# Classic 30 - some of the smoke got out



## buckaroobanzai (Feb 2, 2006)

Hi all amp gurus - I was jamming with friends a couple of days ago when my Classic 30 went quiet. I looked over and noticed to my horror that it was smoking around the midrange pot. I shut it off immediately. Also noticed that 2 of the EL84's lookad a lot blacker than I remember them looking ( matched quad of JJ's, about a year old). Went home with it ( smelled up the car pretty bad) and opened 'er up. Big resistor gone bye-bye.

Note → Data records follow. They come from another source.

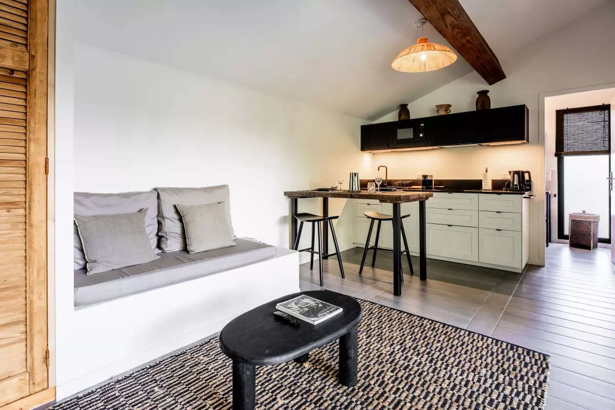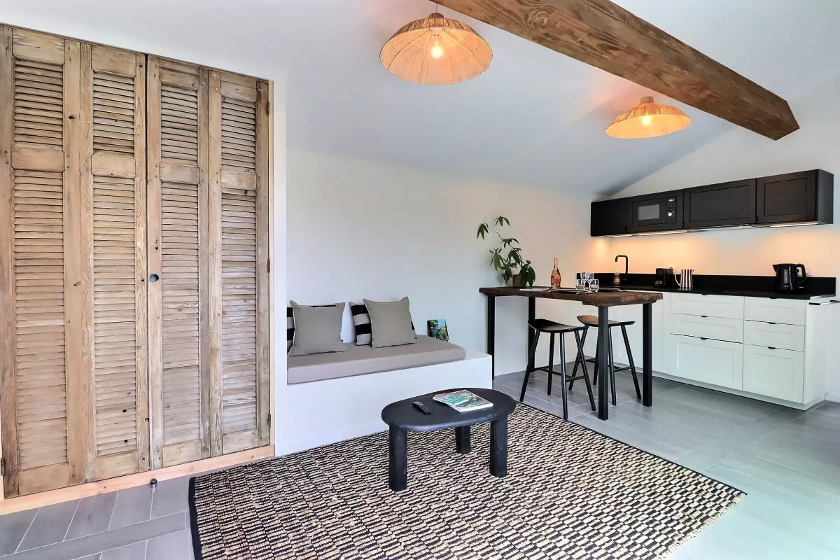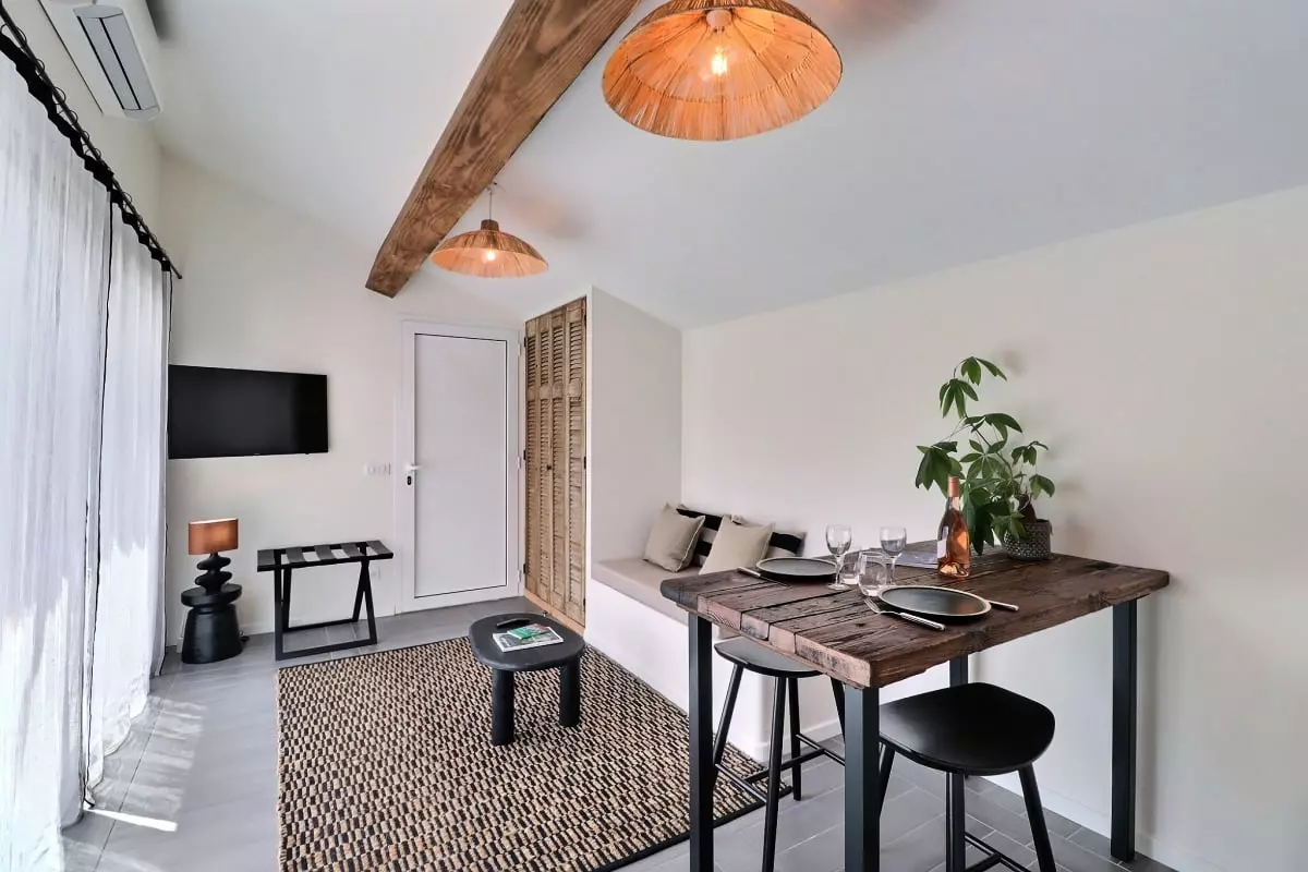 Modern, fully equipped apartment, ideal for 2 people. Bright space with a 2-seater sofa and a wall-mounted smart TV for relaxing moments after a day of exploring.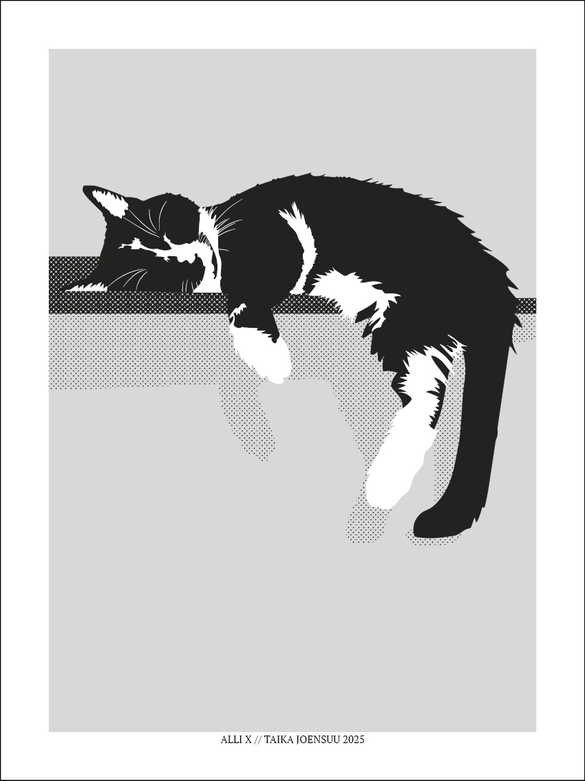 kissa on esitetty pelkistettynä, graafisena ja tyyliteltynä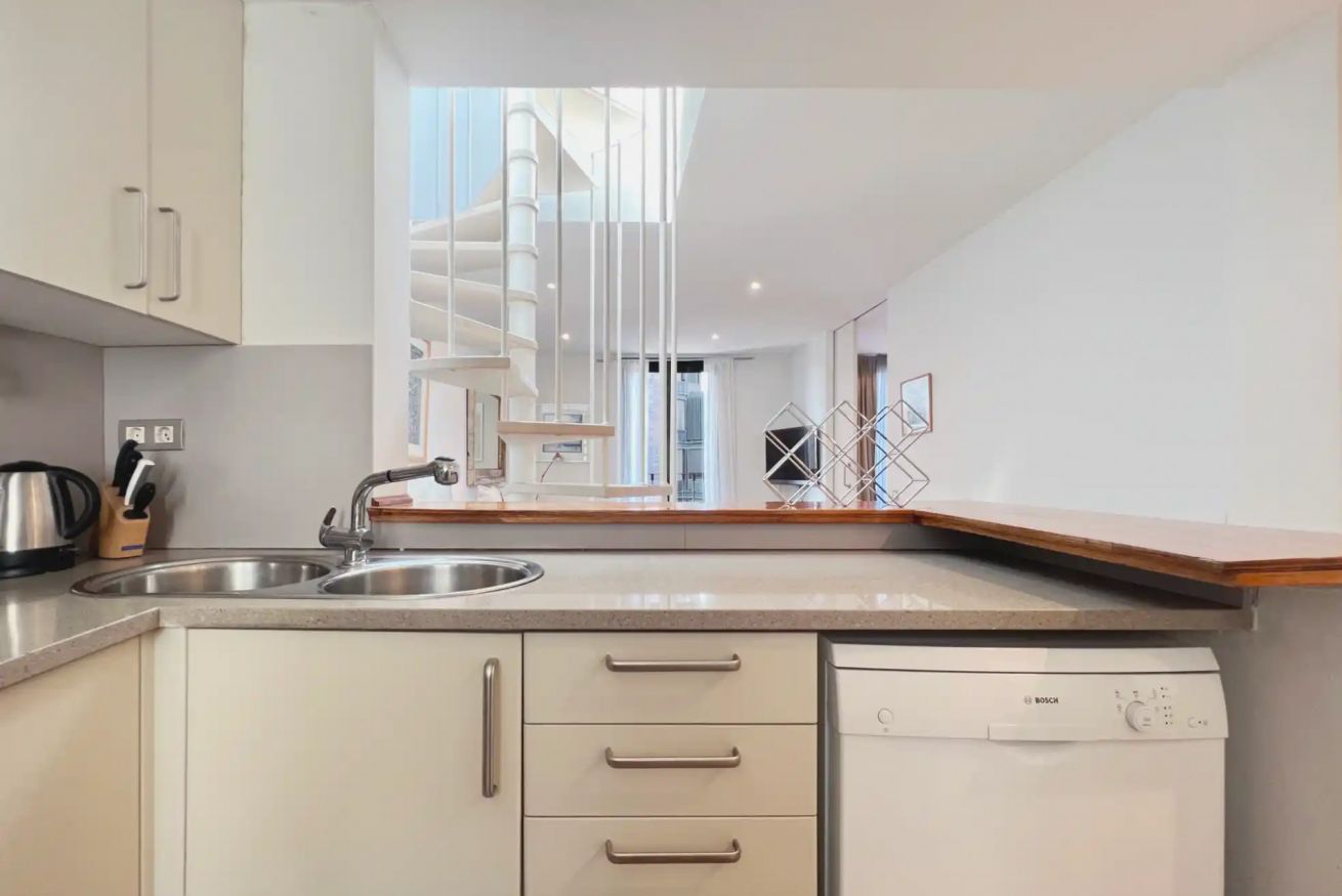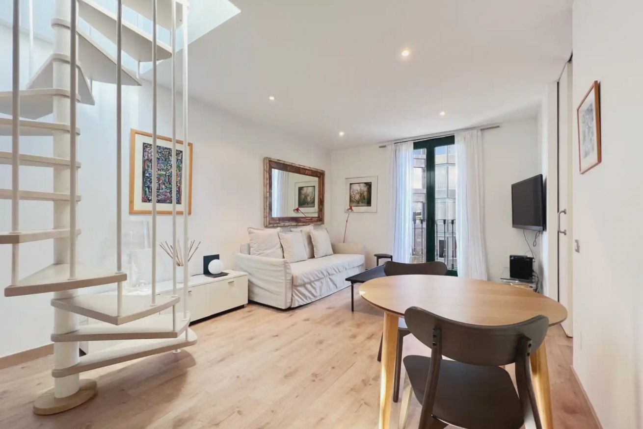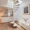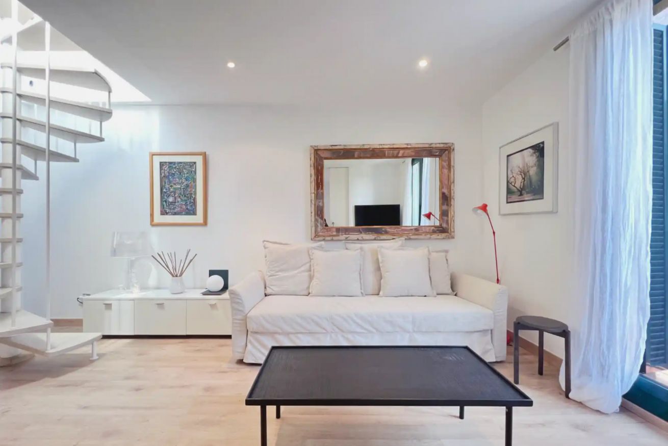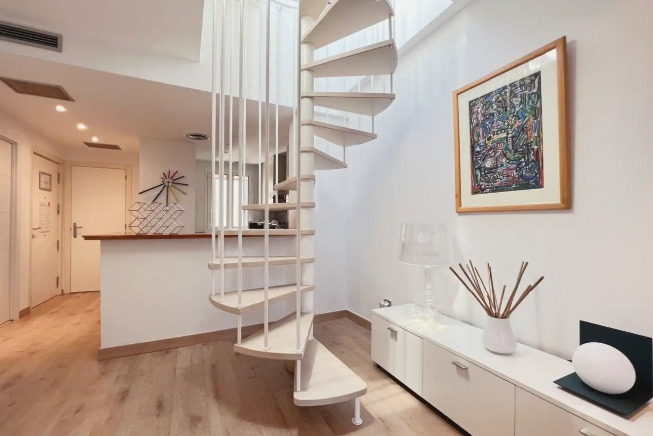La zona de estar se encuentra en el centro del apartamento, por lo que es fácil moverse por el espacio. El apartamento tiene un bonito suelo de madera clara y una decoración discreta de buen gusto. Una escalera de caracol conduce desde el salón a la fantástica terraza de la azotea.

Picture attached. I do some of my own repairs, and have built an Ax84 P1, but this is above my comfort zone. Also it's been my favorite gigging amp for a while and I hope it can be saved. Any and all advice gratefully received.


----------



## loudtubeamps (Feb 2, 2012)

I think it's time to take it in for a freshen up. It can be saved!


----------



## nonreverb (Sep 19, 2006)

Agreed, the circuit board on these amps is a complete PTA if serviced by the uninitiated. Better to let someone who's serviced one before have at it 



loudtubeamps said:


> I think it's time to take it in for a freshen up. It can be saved!


----------



## buckaroobanzai (Feb 2, 2006)

So, finally an update - it took me a while to source a new resistor for my Classic 30 - I didn't want to pay shipping to get a single resistor, and I couldnt find one locally. Had to wait until I was in Toronto picking some other stuff up. I found instructions ( with pictures!) on the interwebs. While the instructions suggested that the PCB be entirely removed to effect the repair, I decided to try a different approach. Since there was no visible damage to the solder connections on the board, I clipped off the dead resistor as close to the body as I could, and then formed loops out of the remaining ends. Then I placed the new resistor in position and hooked the new leads around the old ends. A couple of twists on the leads, and some careful soldering ( including heat-sinks on the stand-offs soldered to the PCB) and the new resistor was firmly in place. I powered it up without power tubes and measured the voltages - it all looked good, so I put a new quartet of JJ's in and tried it out. It's back , good as new. Hooray!

( I must confess that in my haste to get it back together and tested, I did not take pictures of the repair. Hopefully my description of what I did makes sense - )


----------



## greco (Jul 15, 2007)

WELL DONE!...Congrats !

Thanks for the update and the detailed description of the repair.

Cheers

Dave


----------



## Chito (Feb 17, 2006)

Congrats. I wish I could do things like what you did. If I had the same problem, it would've gone to nonreverb.


----------



## shoretyus (Jan 6, 2007)

Chito said:


> Congrats. I wish I could do things like what you did. If I had the same problem, it would've gone to nonreverb.


Amen..him and his soulmate Captain foldback are on speed dial.....


----------



## jb welder (Sep 14, 2010)

Good job. That seems to be a fairly common fault with those amps. When an EL84 goes bad and draws excess screen current, it can fry that resistor. So you have to stay on top of the condition of the power tubes. 
Ideally, the main B+ line should be fused. If you have to go through this again, you might consider installing one.
As far as the "short cut" on the repair job, I don't really consider it a problem due to the standoffs that resistor is mounted on, and the fact that you used heatsinks on them while you soldered in the resistor. You saved yourself a lot of time and other potential problems doing it without pulling the board and bending all those wire jumpers.
Just as long as you kept the new resistor off the circuit board so it doesn't burn next time.


----------